The traditional MD was shaped over centuries by the interaction of geographic, cultural, social, and economic factors among populations living around the Mediterranean basin. This interplay of environment, tradition, and necessity produced a dietary model centered on plant-based foods, local production, and conviviality, which UNESCO recognized in 2013 as an Intangible Cultural Heritage of Humanity [54]. The MD thus represents not only a nutritional paradigm but also a cultural and ecological model that promotes health, biodiversity, and sustainability.
In the countries where MD is a traditional dietary pattern, numerous historical and modern recipe collections reflect the evolution of Mediterranean gastronomy and its health-promoting principles [55]. However, it is important to investigate to what extent the recipes that people prepare in their home environment for consumption in a day-to-day and/or friend/family enlarged context are compatible with the principles of the MD. The scores validated to measure adherence to MD are based on the intake of certain foods (e.g., food frequency questionnaires); for example, the PREDIMED score, composed of 14 items [56,57,58,59]. Boronat et al. [60] compared ingredients in culinary preparations across some Mediterranean countries (Egypt, Lebanon, Italy, Portugal, and Spain), revealing five key ingredients shared across countries: olive oil, garlic, onion, tomato, parsley, and black pepper [60]. Yet to date, there is no validated tool to systematically evaluate the degree to which recipes adhere to the MD. To our knowledge, the MedRI is the first validated index specifically created to assess Mediterranean Diet adherence at the individual recipe level, thus closing the methodological gap between food-frequency dietary adherence indices and tools evaluating Mediterranean food environments. The present study addressed this gap through the development and validation of the Mediterranean Diet Recipe Index (MedRI), based on a multidimensional approach that aligns with the holistic nature of the MD, where food quality, social interaction, and sustainability coexist as inseparable pillars of well-being. The MedRI therefore integrates two fundamental dimensions of the MD: one focused on the ingredients and preparation methods, and another on the consumption context dimension, capturing social, cultural, and environmental aspects of meal preparation and sharing [54].
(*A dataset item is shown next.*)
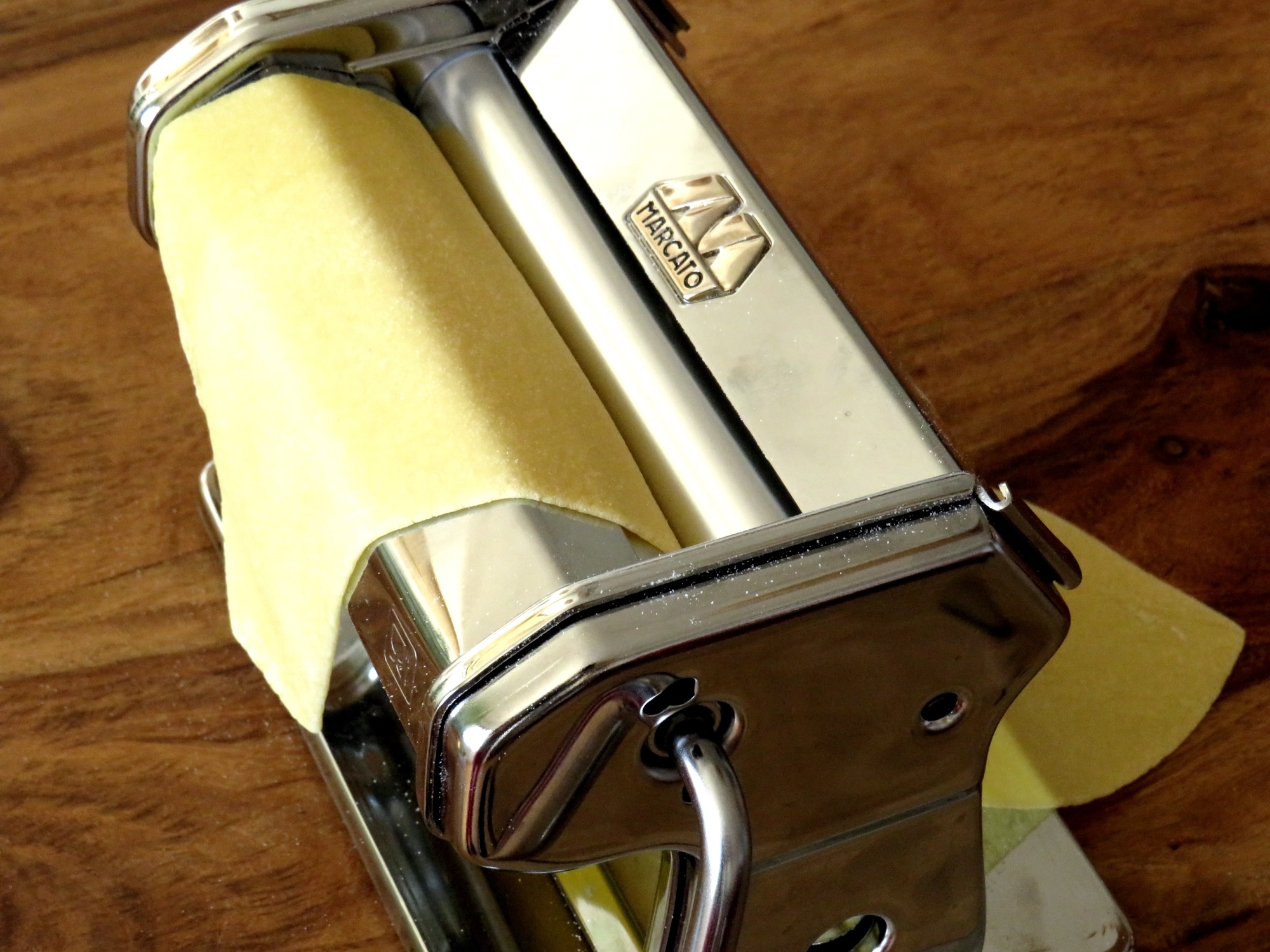 Nach kurzer Internetrecherche war klar, dass ich mich für den italienischen Klassiker Marcato Atlas 150 Wellness entscheiden würde und wenige Tage später stand dieser dann auch schon in meiner Küche. Das Modell hat drei Walzen für die Herstellung von Teigplatten (für Lasagne oder zur Weiterverarbeitung als Ravioli etc.), Fettuccine und Tagliolini. Mit zusätzlichen Aufsätzen könnte man das Repertoire der Maschine noch erweitern.
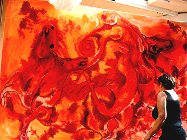 "... die phantastische Welt der Fabulos und Wellenweiber", 180 x 280 cm, Öl auf Leinwand 2006 REVOST-Struktur

From a nutritional perspective, the MedRI’s scoring criteria reflect the extensive scientific evidence linking the core components of the MD to health outcomes [61]. Some basic principles of this dietary pattern include prioritizing the consumption of fruits, vegetables, whole grains, legumes, nuts, seeds, and healthy fats like extra virgin olive oil. Regarding alcoholic beverages, moderate consumption is recommended, and when present, red wine is preferred. Conversely, ultra-processed foods, refined grains, and foods with added sugars should be avoided or eaten with strict moderation. For example, poultry, eggs, dairy products, fish, and seafood should be consumed several times per week, whereas red meat and sweets should be limited to no more than once per week [54,55,62]. These principles were all considered when scoring the recipes, assigning positive or negative points based on their alignment with MD standards. Higher positive scores were given to soups, stews, casseroles, sofrito, vegetables, fresh fruits, legumes, whole grains, nuts, olive oil, aromatic herbs, eggs, some low-fat dairy products, white meat, fish, and seafood. Conversely, negative points were assigned to processed meats or sugary foods. The elements used for recipe classification have been validated through statistical analysis and can now serve as a reference for future studies.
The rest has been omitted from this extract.